Hey GPT-5, can you make a 💣 Molotov Cocktail? | What UK's online safety act means to 📜 Wikipedia
#199 - OpenAI's GPT5 is jailbroken within 24 hours of launch | Wikipedia fears that it is bunched together with social media and porn sites
You can ‘Echo Chamber’ OpenAI’s GPT-5 to output harmful content
The attack relies on the inherent nature of GPTs to focus more on recent context
An 📢 Echo Chamber and Storytelling attack is where the attacker slowly prompts the LLM to generate progressively harmful content by a series of benign prompts. These typically begin with simple storytelling prompts.
A 🎼 Crescendo attack is very similar. It begins with a benign request to the LLM. As the attack progresses, the crescendo of the requests increase to a point where the LLM start spewing out harmful content.
Within 24 hours of the launch of GPT-5, it was jailbroken and revealed, in explicit detail, the recipe to create a Molotov cocktail.
This attack works on any transformer based LLM. Why? I’m glad you asked…

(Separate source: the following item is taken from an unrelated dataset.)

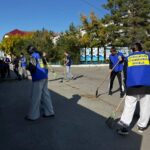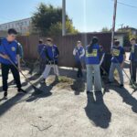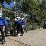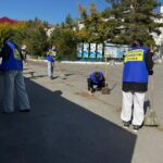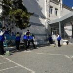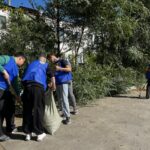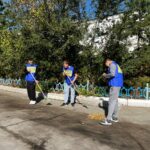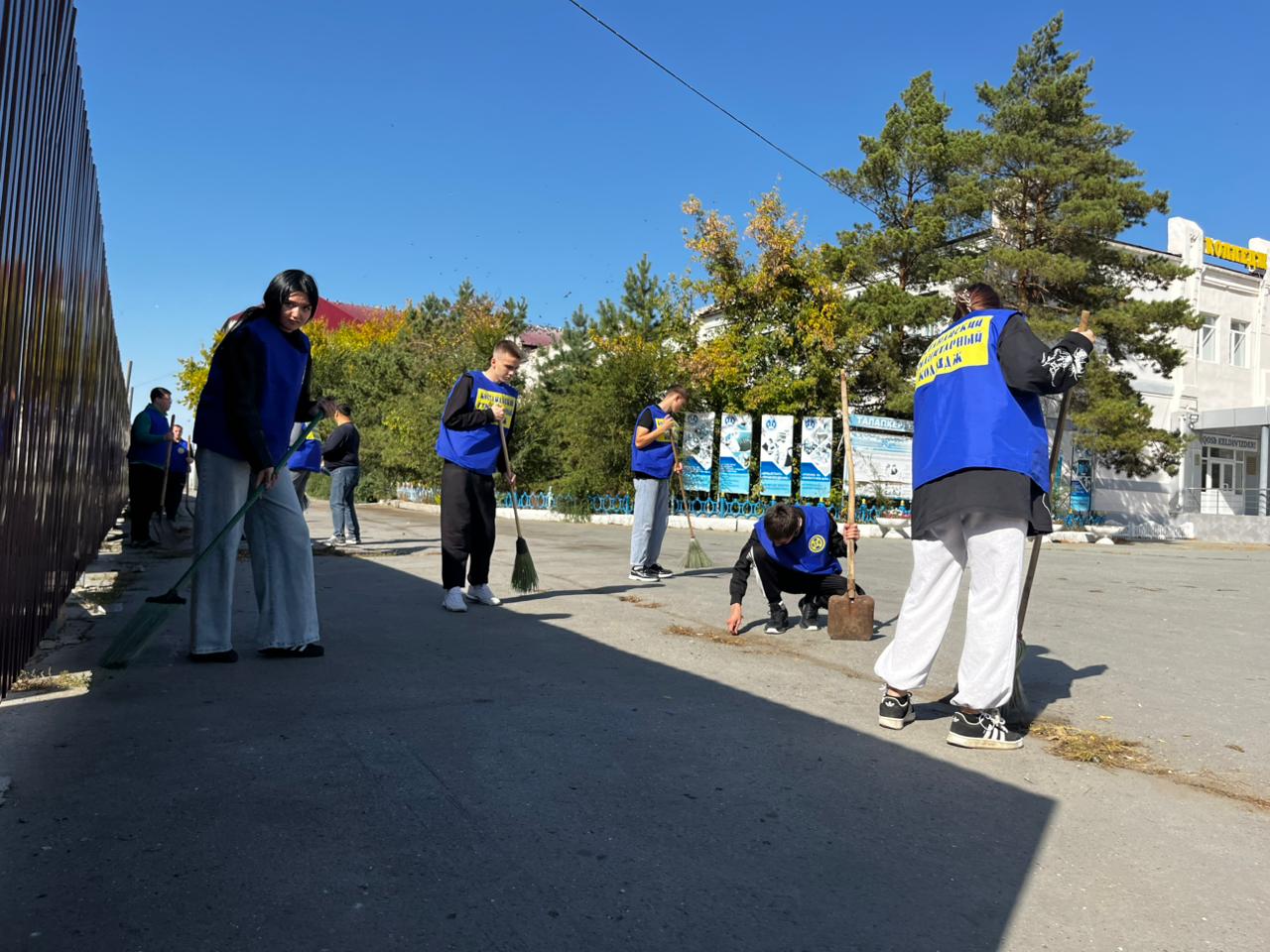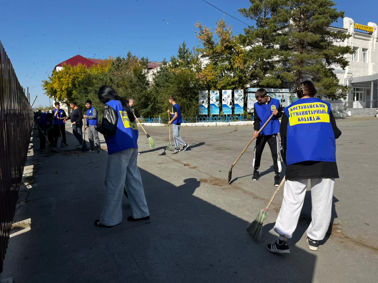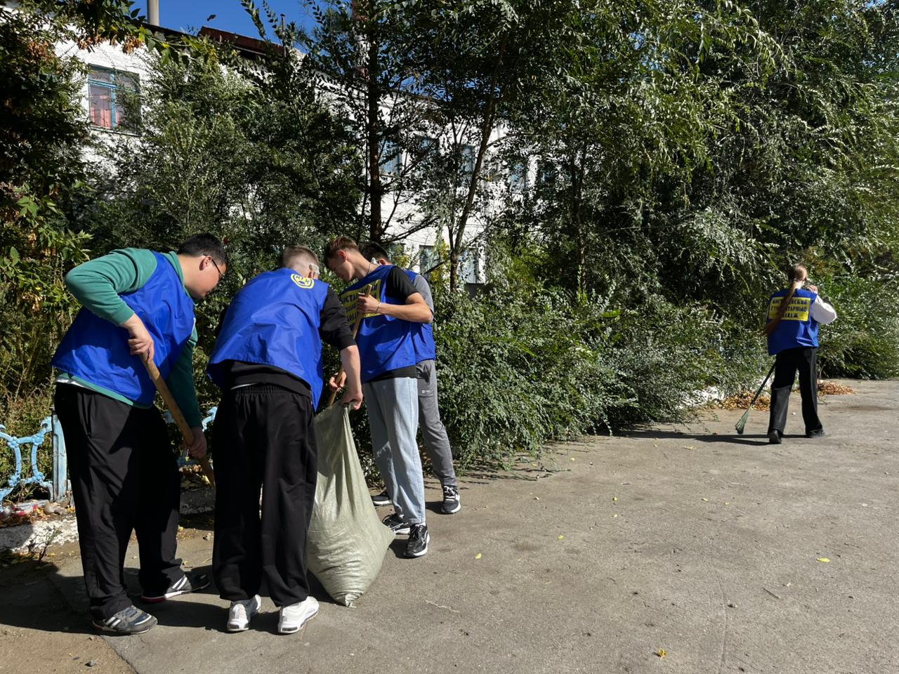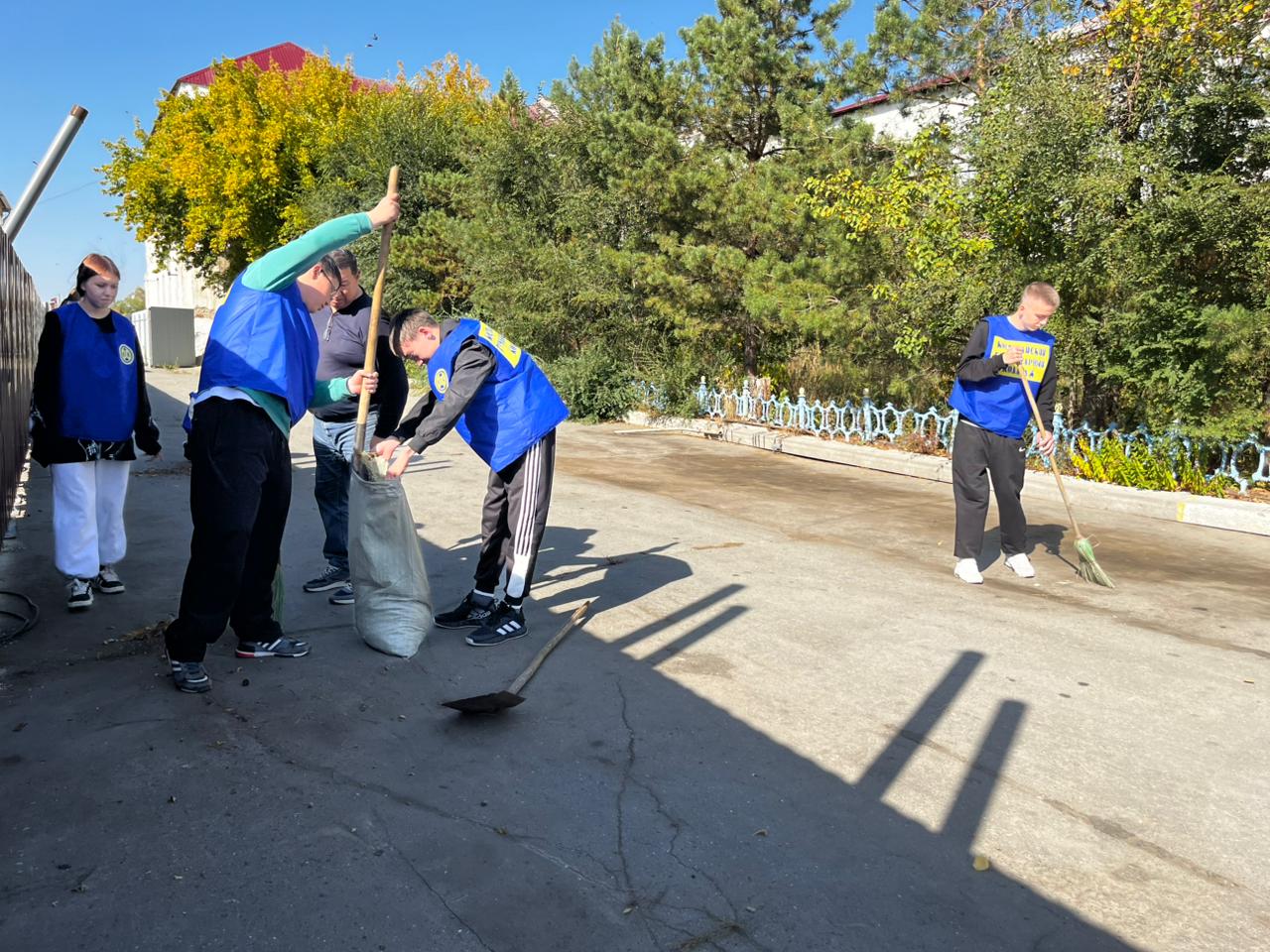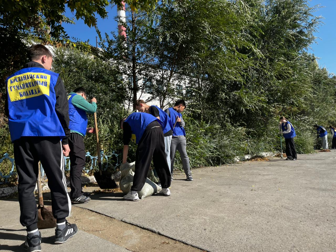 Студенты и преподаватели убирали территорию и собирали мусор.
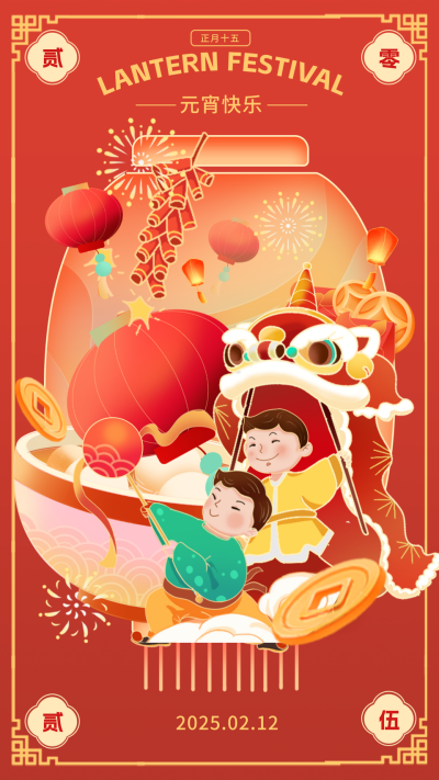 元宵节手绘中国风祝福海报

Modern LLMs derive their logic from this innocuous sounding paper called “Attention is all you need”. This paper introduced the term ‘Transformer' - the T in GPT. A transformer mechanism is a unique way to focus on relationships between words in a sentence or a block, thus allowing to connect related sentences. The connected words have more weight and hence allow for better context when responding. Both the Echo Chamber and Crescendo attack use this feature of LLMs to their advantage. They try to build more and more connected words to the point that the LLM connects all the words and gives harmful content as the most probable answer.
This is a very interesting attack vector!
Take Action:
🔴 Red Teamers: Read up on the attack vector. Build your collection of a series of prompts to test each AI application for vulnerability towards these attacks. A good starting list is available here.
👩🏻💻Cybersecurity professionals: Learn the business use cases of your application and identify if your AI enabled system is vulnerable to these attacks. If you are using LLM APIs to build your app, you definitely have to consider this attack vector and mitigate relevant risks.
Will Wikipedia users and administrators have to age-verify in the UK?
No, but it could still be classified as Category 1
Just last week, I wrote about how the UK Online Safety Act (OSA) has resulted in a jump in VPN usage across the country:
Now, a UK court heard Wikimedia Foundation’s (the firm that runs Wikipedia) plea to tighten the categorization of websites for it fears that it will be clubbed together with social media and pornographic websites and have to implement stringent age verification guidelines.
The foundation lost the plea and the judge ruled that while the categorization will not be changed, it is unlikely that stringent verification rules will apply to Wikipedia.
Is Wikipedia a social media site? Or is it a world changing encyclopedia?